Les femmes peuvent progresser efficacement avec leur propre sensibilité au sein de cette discipline qui nécessite d’utiliser avant tout la souplesse, l’énergie, la capacité à évaluer rapidement des situations, plutôt que la simple force physique.

L’aïkido et le handicap

L’aïkido est accessible aux personnes en situation de handicap physique ou mental.

Elles peuvent bénéficier de cours existants, spécifiques ou ouverts à tous dans nos clubs.
La philosophie de l’aïkido favorise l’acceptation de pratiquer avec des personnes éventuellement très différentes et l’objectif visé « d’ouverture à la santé physique et mentale » est très positif.

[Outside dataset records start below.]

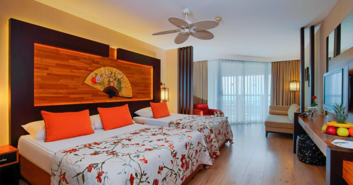 Limak Lara Deluxe Hotel & Resort este construit cu influenta asiatica in celebra plaja Lara-Kundu, Antalya. Resortul are o piscina vasta si o zona de plaja cu nisip, cu un program grozav de divertisment pe tot parcursul sezonului de vacanta. Se afla in zona Lara, la 13 km de Aeroportul International Antalya si la 25 km de centru orasului Antalya. Limak Lara Deluxe Hotel & Resort ofera 4 restaurante à la carte si un centru spa extins. Tuturor oaspetilor li se ofera beneficii speciale, cum ar fi cos cu fructe si o sticla de vin la sosire, serviciu de calcatorie gratuit, oferte speciale la SPA si restaurante. IMPORTANT: Descrierea hotelului se bazeaza pe detaliile disponibile la momentul pregatirii tarifelor pentru sezonul turistic ce urmeaza a se desfasura si are caracter pur informativ. Hotelul poate aduce modificari de structura, denumiri camere, tip serivicii incluse/neincluse si altele, fara a notifica in prealabil. Pentru informatiile oficiale va rugam sa consultati website-ul hotelului.IMPORTANT
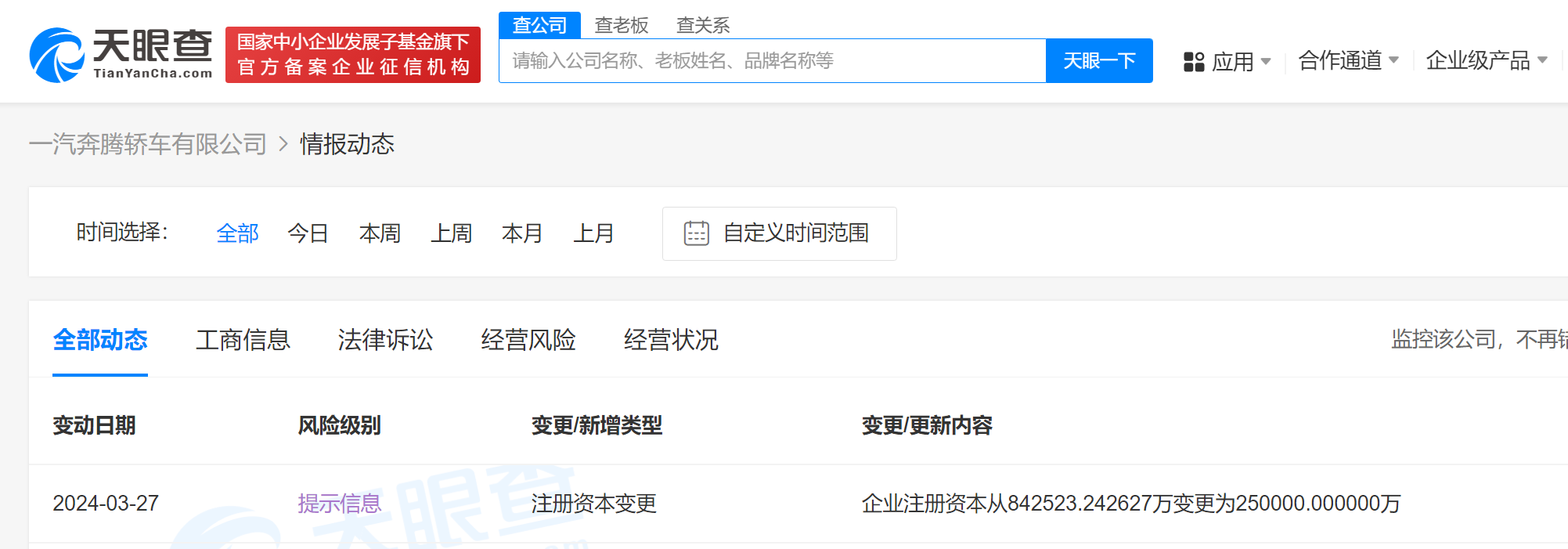 天眼查App显示,3月27日,一汽奔腾轿车有限公司发生工商变更,注册资本由约84.25亿人民币减至25亿人民币。
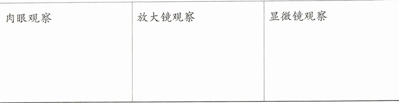 用肉眼、放大镜和显微镜对比观察昆虫的触角、翅、足或其他的某一个部分,用画图或文字记录的方式记录我们的发现。
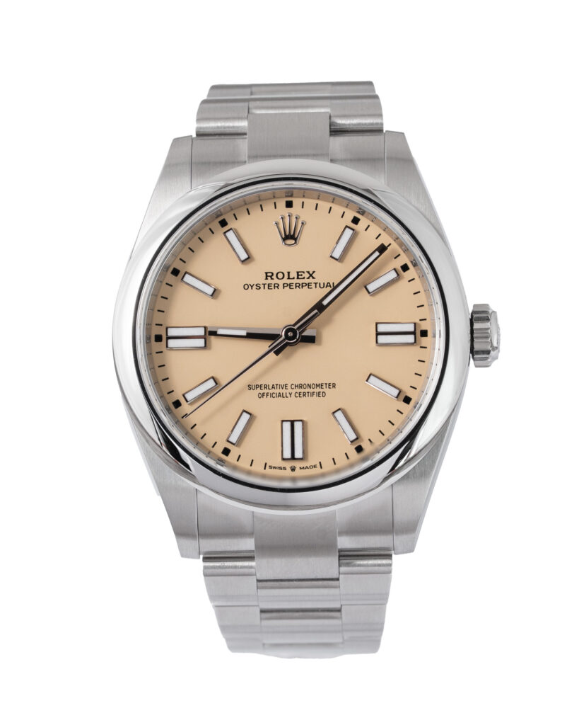 brand: Rolex Reference: 134300 Model: Oyster Perpetual case MATERIAL: Steel strap: Bracelet case Size (MM): 41mm Dial colour: Beige Bezel: Steel Year: 09/2025 Condition: Unworn Box papers : Paperwork/box
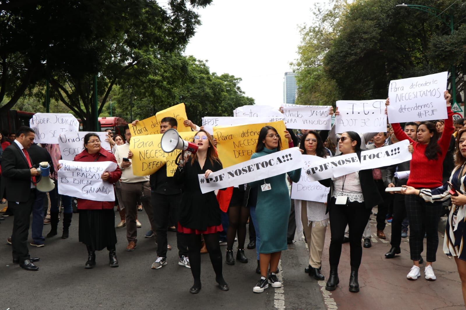 Asimismo, los manifestantes cerraron Avenida de los Insurgentes en su tramo sur con pancartas que dicen “#PJF no se toca!!!” y “para defenderte, necesitamos defendernos”. Además, amagaron con cerrar toda la vialidad el martes 17 a partir de las 08:00 horas.
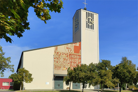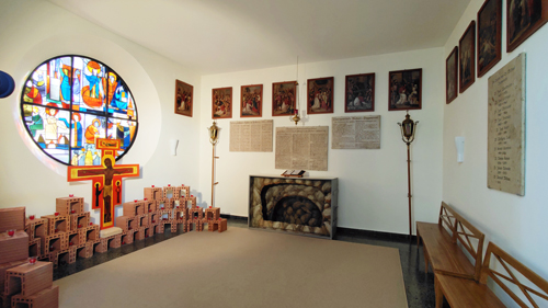 Gedenkraum mit Namenstafeln in der katholischen Kirche St. Michael.
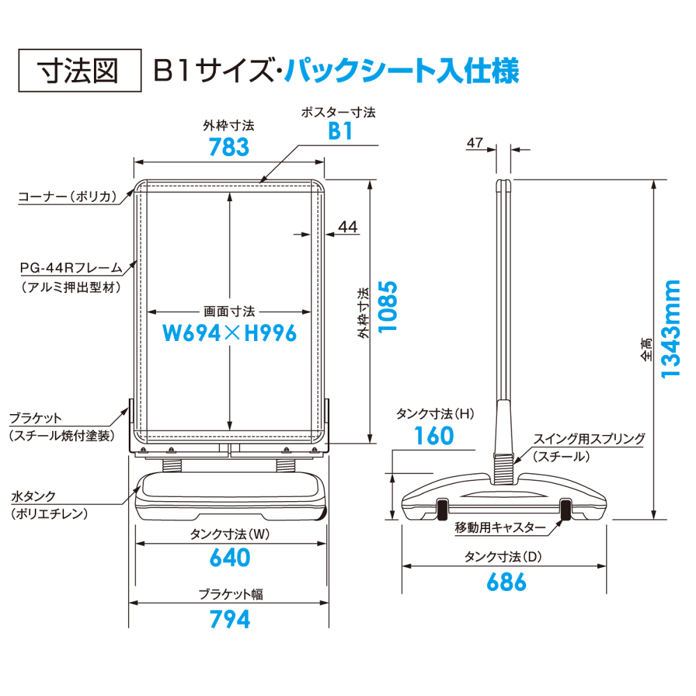 商品説明:ローリングベース たおれん君 スイング式両面看板 B1 防水パック シルバー (RB-PAC-PG44R-B1-AG)
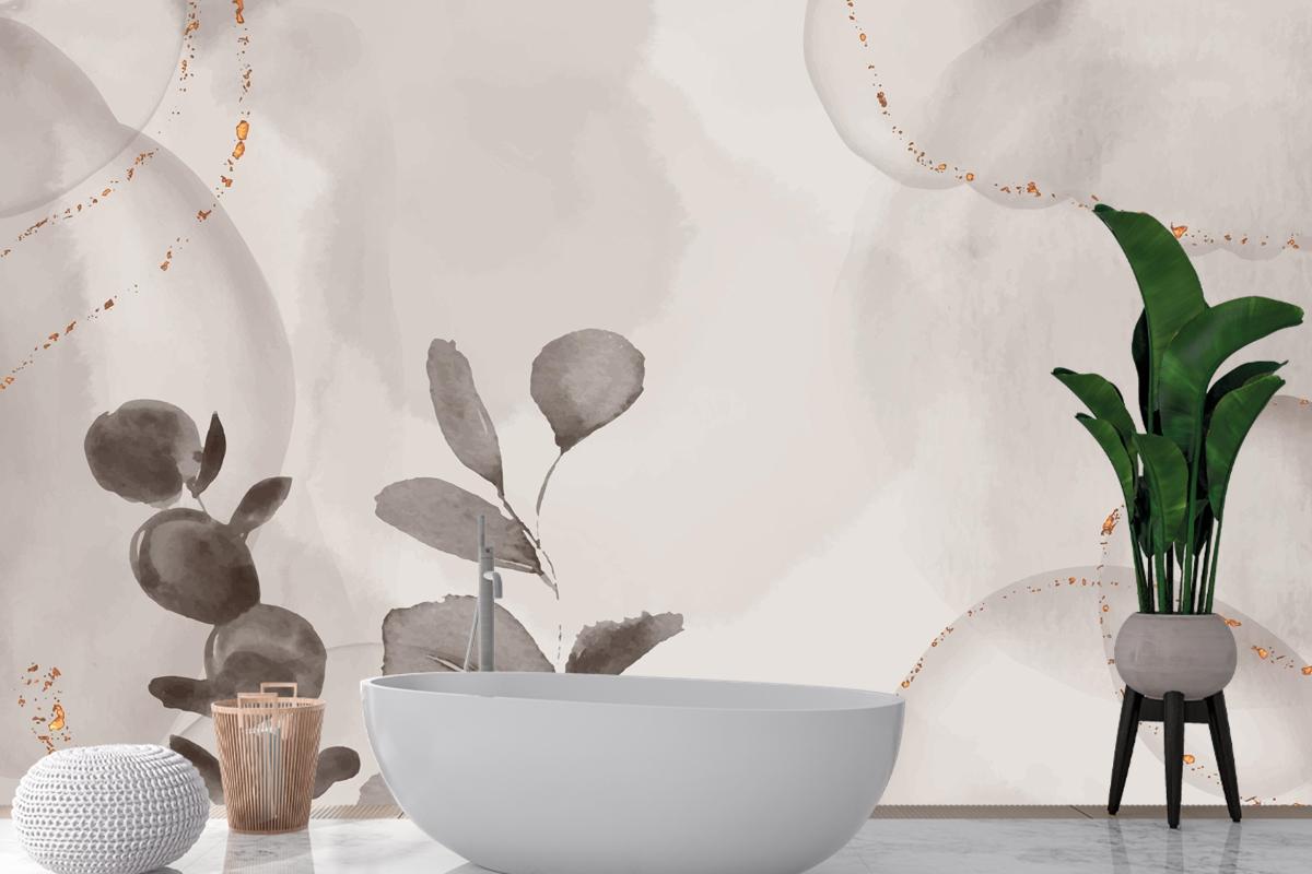 Suluboya Elle Çizilmiş Arka Plan Yaprakları Banyo Duvar Kağıdı
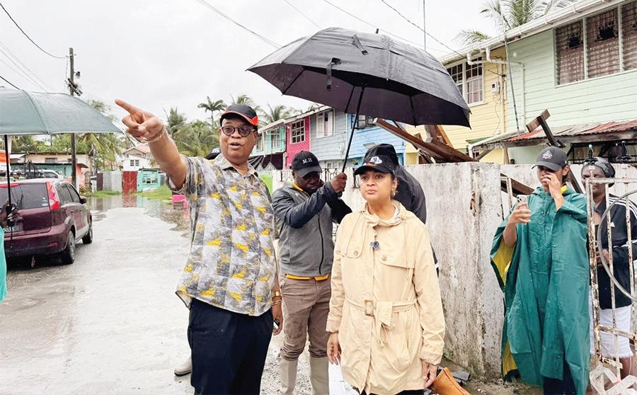 Minister of Local Government and Regional Development, Priya Manickchand, and Minister of Public Works, Bishop Juan Edghill, engage residents during on-the-ground flood assessments in South Ruimveldt on Saturday
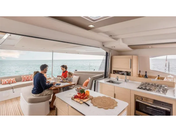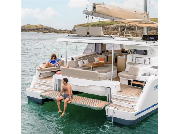 A true lesson in design: the horizontal lines of this compact 41-footer catamaran have been stretched to offer levels of harmony and elegance usually only seen on much larger models. This well-canvassed catamaran certainly knows how to lengthen her stride on long passages, while remaining fun and easy to handle close to the shore. The deck layout incorporates the double helm and manoeuvring station so popular on all the other models in the range: the skipper now has a pod housing all the instruments. As for the crew, they will find new areas for relaxation: sun loungers on the bimini and forward of the coachroof, not forgetting the ingenious lounger integrated into the port transom.

L’aïkido et les séniors débutants

L’aïkido, art martial sans compétition, s’inscrit, pour les senior débutants, dans une dynamique d’amélioration, de progrès et de mieux-vivre tels que :

  • Retrouver de l’énergie vitale,
  • S’équilibrer physiquement et mentalement,
  • Oser agir et se confronter aux difficultés et agressions quotidiennes,
  • Retrouver une forme d‘harmonie avec les autres et leur environnement.

L’aïkido et l’aïkitaïso

L’aïkitaïso est une gymnastique issue de la préparation physique en début de cours d’aïkido

L’aïkitaïso est ouvert à un très large public : pratiquants d’aïkido et non pratiquants, femmes, hommes, enfants, séniors, publics déficients ou en difficultés.
C’est une pratique de santé apportant de nombreux bénéfices :

  • Amélioration de la condition physique,
  • Travail respiratoire,
  • Pratique énergétique,
  • Bien-être.

L’aïkido – Les origines

Un art martial créé à la fin des années 1940

Le fondateur de l’aïkido, Morihei UESHIBA (1883-1969) fut inspiré par les meilleurs maîtres d’arts martiaux japonais. L’arrière-plan philosophique ou religieux joua un rôle très important dans l’élaboration de cet art.

Il réussit à ouvrir sa pratique à des notions plus modernes telles que la recherche de la paix, de la fraternité et de l’harmonie. Il développa à partir de 1948 l’enseignement d’une nouvelle discipline qui commença dès 1950 à rayonner dans le monde entier et notamment en France.

Le fondateur de l’aïkido,
Morihei UESHIBA
(1883-1969)

2e aikido Doshu,
Kisshomaru UESHIBA
(1921-1999)

Aïkido Doshu actuel,
Moriteru UESHIBA
(né le 2 avril 1952)

Moriteru UESHIBA, Aïkido Doshu actuel, perpétue la transmission de la voie de l’aïkido. Il coordonne l’aïkido mondial et enseigne quotidiennement au sein de l’AIKIKAI FOUNDATION de Tokyo.